Squishy Robotics optimizes the deployment of emergency sensors spatially over time. AI techniques (e.g., Long Short-Term Memory neural networks, Random forests) identify regions where sensors would be most valued without requiring humans to enter the potentially dangerous area. The cost function for optimization considers costs of false-positive and false-negative errors. Expected Value of Information (EVI) is used to identify the most valuable type and location of physical sensors to be deployed to increase the decision-analytic value of a sensor network. This case study using data from the Tennessee Eastman process dataset of a chemical plant displayed in OSIsoft (now part of AVEVA) or Blueforce interfaces.

Do you care about the environment? Are you a thought leader from industry looking for more effective solutions for methane detection and remediation?

The recent report by the United Nations’ Intergovernmental Panel on Climate Change (IPCC) makes it abundantly clear that immediate action is required to mitigate the worst effects of climate change. Methane is the second most common greenhouse gas, accounting for approximately 20 percent of global emissions.

In the Oil & Gas industry, methane (CH4) emissions are particularly hard to detect and localize.  Emissions are highly transient and often occur in remote locations (abandoned/underperforming wells, tank farms, gas compression sites, and pipelines). Methane emissions typically have low flow rates of pure methane that quickly saturate typical handheld sensors if measured at the point of emission. Measuring methane emissions from afar is almost impossible because the gas quickly disperses in the air.  Due to the multiplicity of production sites compared to the number of refineries, these sites usually do not have a full-time operator, increasing the risk that a methane emission will go unnoticed. Methane emissions may come from identifiable locations (e.g., tank vents, pneumatic controls, or regulatorily approved venting) while unplanned emissions may occur at a diverse set of locations (e.g., leaks from piping, values, or seals). Identifying these emissions requires improved tracking and analysis that can effectively provide early detection and trigger interventions for priority remediation.

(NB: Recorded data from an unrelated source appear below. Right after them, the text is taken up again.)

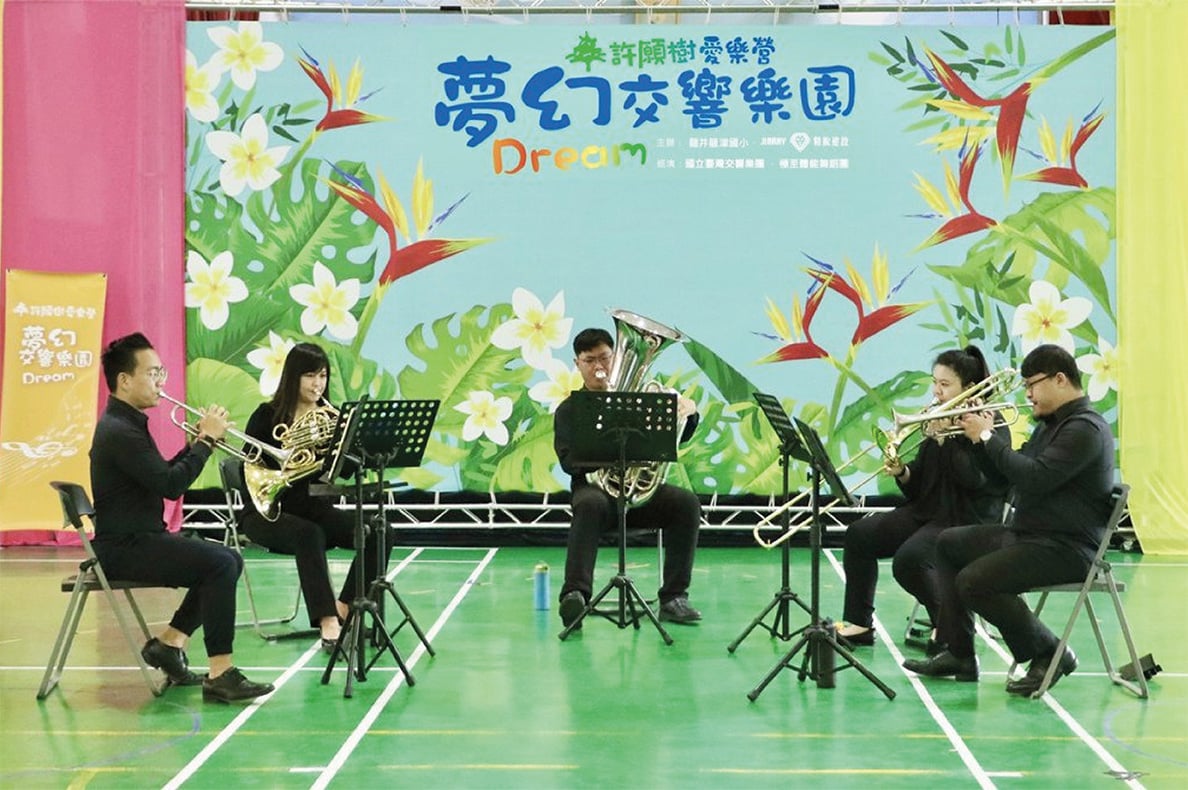 而從一天的表演活動變成30場課程,國台交團員們分成木管、銅管、弦樂等重奏樂團,「許願樹愛樂營」演出現場也將舞台背板、音響設備一應俱全,讓孩童視覺、聽覺都能有更完美體驗。
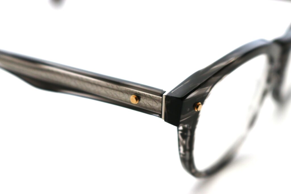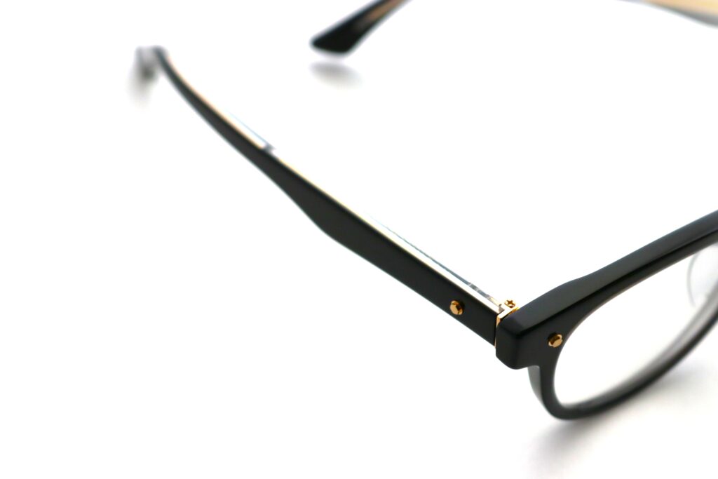 また、テンプル内の芯金には過去のマスナガ製フレームからインスパイアされたエングレービング加工が施され、掛けた際の横顔の美しさをより一層高めてくれます。
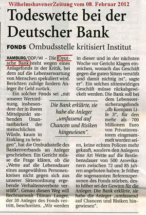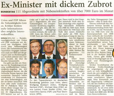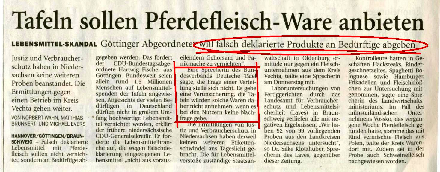 ...un schiens een Teeken van Düwelsbesäätenheit un verbräkerisch Doon tominnst in dat ole Lutherstaddje Worms is dat woll so. De Wormser Boadballibüppersten (de hevvt schiens aal mitnanner een schooner Geweeten as de Poapst) is infallen, veer Froolüü, de deelwies all een halfed Halfjoahrhunnerd Billjetts an de Boadwilligen utgääven, wägen een Koffikass mit veerundartich Euro Klöätergeld föör de Kolleechenkring to feustern. Sogoar een Stoatsavcoaten hett sükk van de Lüü anstöten loaten, ok noch de Begreepen Ünnerschloagung un Untrööheit in de Wachtschoal to schmieten. Wenner de Froolüü dat Koffigeld ut de Staddkass stiebitzt un de Kommunibööker ümschrääven harn, denn wee dat gannskeen Froach, dat see dorföör instoahn mussen wat see denn ok säker doon würn, oahn eers groodoardich de Waarkgerichtsboarkeit antoropen. Nu räärt wiers een ut irgendeen Ekk, dat dat Koffikassen-Anlärgen tägen de un de un noch een annern Vöörschrift is, un dat in son Kommunibedrijf joa Örnung hollen worden moot. Recht so, kann ikk dor blods särgen oaber ikk froach mi, wor disse Örnung denn is bi Noams as Funke, as Zumwinkel, as Hartz, as Nonnenmoaker, as Schäuble, as Regina van Dinter un aal de anner Prominenz ut Wertschkupp un Politik. Nu glööv ikk doch verraftich ok bold, dat dat in Düütschland mit dat Gerecht föör jedereen nich mehr so lieklang löpt. |

Our goal is to not only help oil and gas companies reduce unwanted methane emissions, but also use our data analytics to prioritize remediation actions and use for sustainability certifications.

Squishy Robotics is launching a study to  develop an innovative solution for increasing the number of methane inspections and the quality of recorded measurement data by using a hierarchical approach involving optimal rapid placement methods, multimodal sensing strategies, multiagent collaboration, and data analytics. See some of our prior publications in AI, sensor fusion and sensor placement.

We are looking to interview innovators and Oil & Gas industry experts to better understand the problems, challenges, and pain points with current solutions. If you are interested in joining us in this study, please contact Professor Alice M. Agogino at agogino@berkley.edu.

Field Testing & Demonstrations

Overturned Tanker Training with LACoFD

Squishy Robotics engineers joined the Los Angeles County Fire Department during a hazardous materials (HazMat) training scenario at the Del Valle Regional Training Center “HazMat City.” Deployed via drone airdrops, our sensor robots provided visual and 4-gas sensor data to the incident command center during a simulated tanker truck leak.